Naki throws him an annoyed look, and then shrugs.
“Well, I didn’t.”
Kei rubs his eyes, and within a few seconds he’s left it. After all, there’s enough scavenging for some more centuries, everywhere around them. If the decayed were impressive at one thing, it was making stuff, after all. So much junk survived to the explosions and extreme heat, and so much of it still maintained its shape and even its function. Most of it is unusable for its originary purpose, but the evolved always found some other way to make use of it.
There is really no escaping the decayed, even after they ceased to exist, but their ending was just a starting point for those who survived and learned from what happened. Most of their knowledge also disappeared, but one thing proved to be true - what is real and bearer of truth is real no matter what happens to the knowledge of it.
Rebuilding science was not very difficult, given how the evolved had been able to dig out enough research from the past to have a basis to restart from. Most languages disappeared with the rebirth, but it did not take long for new languages to flourish in their place.
The pain stayed, though, even if life is quite sweet to them now. Even if the evolved had no means of knowing what it was like, somewhere inside they still somehow remembered, as if it was written somewhere inside. It’s in their stories, the legends that developed from some basis of truth in the past, and it’s still everywhere around them.
“Anyway, I’m hungry,” Naki announces, bouncing to the kitchen and interrupting Kei’s train of thought. Sometimes, as Naki just reminded him, he cannot even catch himself thinking about something he’ll never have to live through, for better or for worse. Well, no, that’s definitely for the better. How silly.
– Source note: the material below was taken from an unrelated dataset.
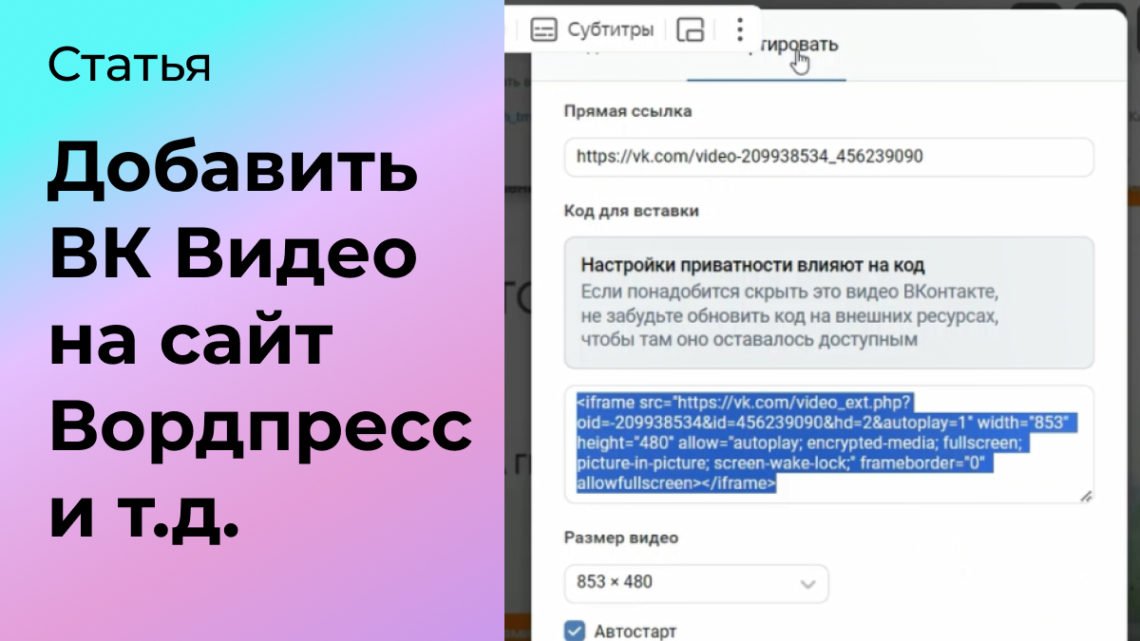 Привет, друзья! Сегодня хочу вам показать, как можно разместить ваше ВК видео на странице любого сайта, будь это Tilda, WordPress или ещё какая-то платфорома.

At least, the world they’re living in does not seem like the nightmare the old humans had to survive in.
He looks at the dimming sunlight filtering through the windows, and hums as he rubs his own stomach. Which, he notices just now, has been growling quietly for minutes.
“Yeah, me too.”
Kei looks around the small kitchen, mentally listing the food they have and nodding while rolling up his sleeves.
Naki lights up a fire in the stove, while Kei cuts up some vegetables. The air fills up with the sounds of cutting, and the sunlight quietly fades to a soft tone of blue, while the day gently rolls away.
It’s just another calm day, in the small town carved from the ancient wreckage, in a vast land of nothing, but that’s no better and no worse than how it was before. It just is, and that might just be enough for all of them, finally.